-- WHAT THE TASK REQUIRES --
Output, exactly and with no pictures, the line that contains "OWL DECALS - 1/72" and every line that comes after it in the data below, the last one included.

-- RECORDED DATA follows --

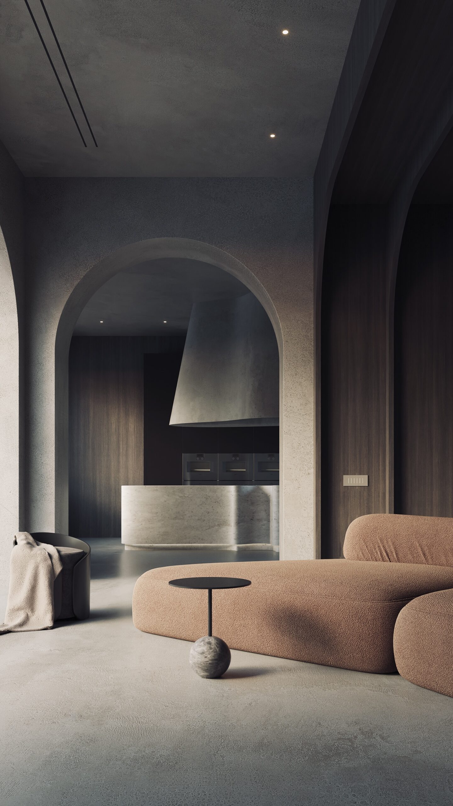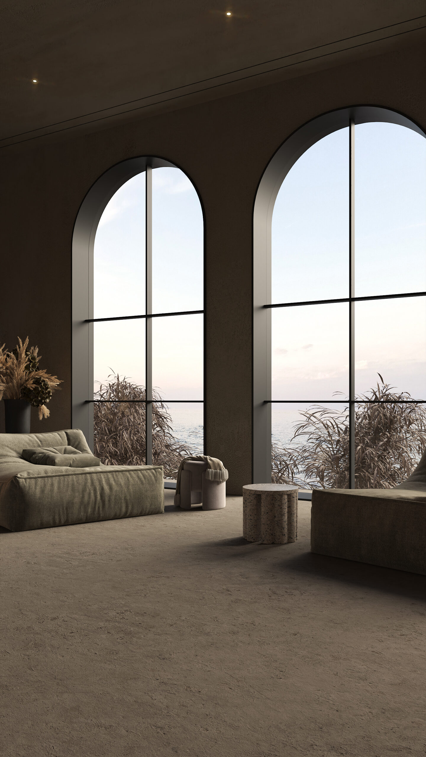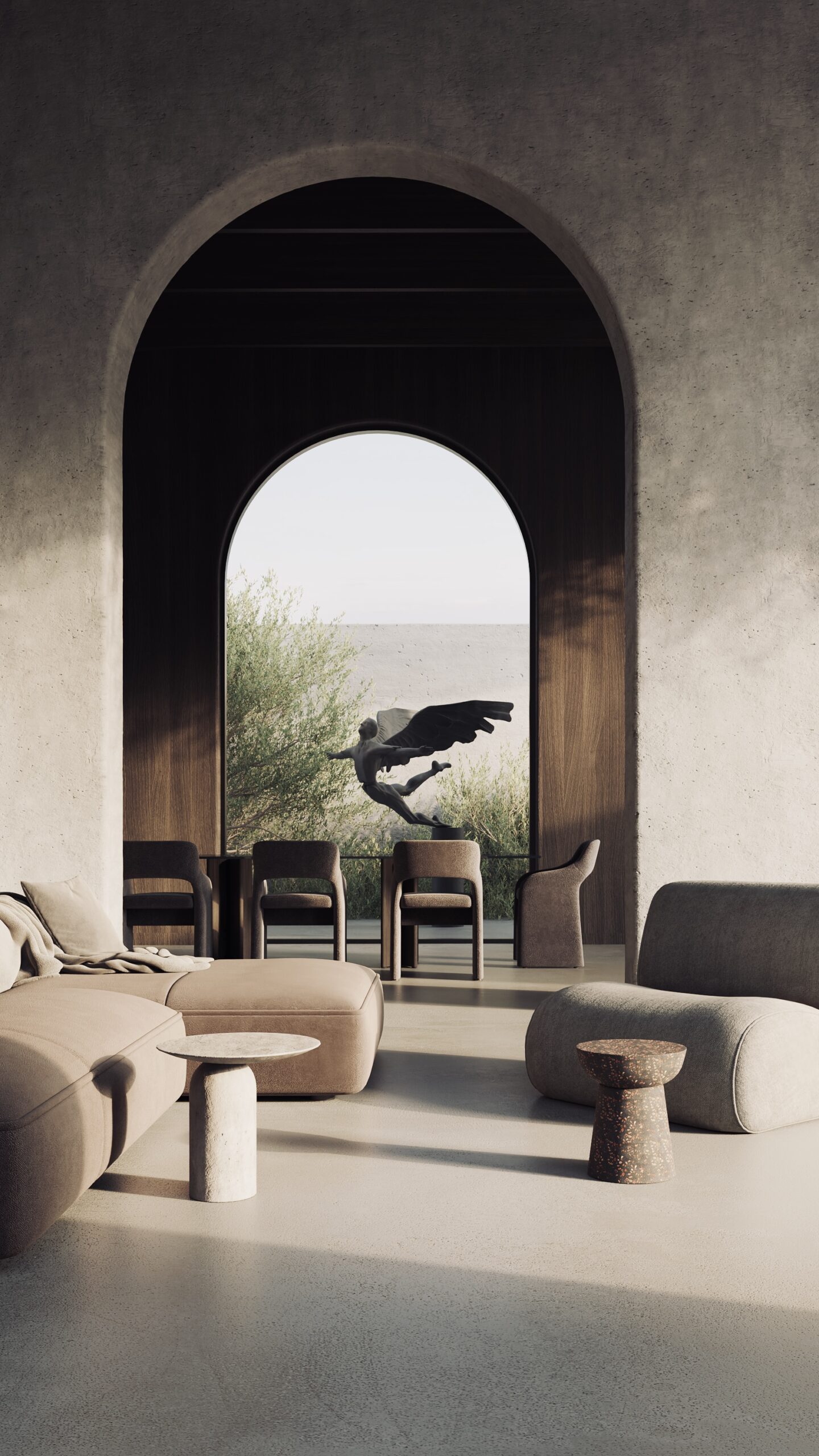 A CONTEMPORARY VILLA IN CRETE EMBRACES THE ISLAND’S SERENE LANDSCAPE WITH EXPANSIVE ARCHED OPENINGS THAT FRAME UNINTERRUPTED VIEWS OF THE OUTDOOR POOL AND THE SUN-WASHED SURROUNDINGS. NATURAL CONCRETE FLOORS FLOW SEAMLESSLY THROUGHOUT THE INTERIOR, ADDING A COOL, EFFORTLESS ELEGANCE THAT COMPLEMENTS THE MEDITERRANEAN CLIMATE.
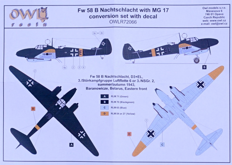 OWL DECALS - 1/72 Fw 58 B WN with MG 17 Conversion set & decal
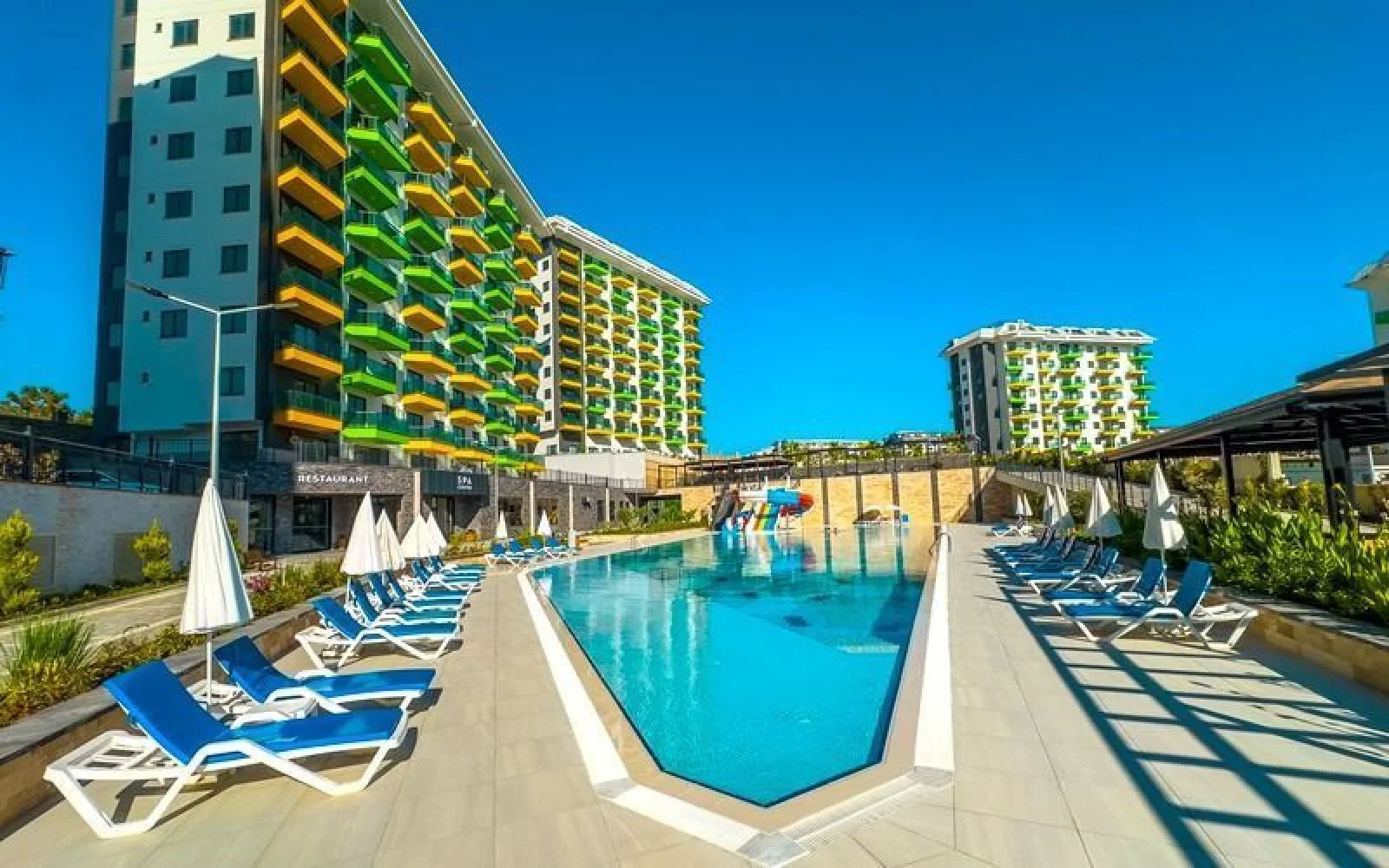 Außenpool mit Wasserrutsche

-- RECORDED DATA concluded --

-- SOLUTION FOR THIS TASK --
 OWL DECALS - 1/72 Fw 58 B WN with MG 17 Conversion set & decal
 Außenpool mit Wasserrutsche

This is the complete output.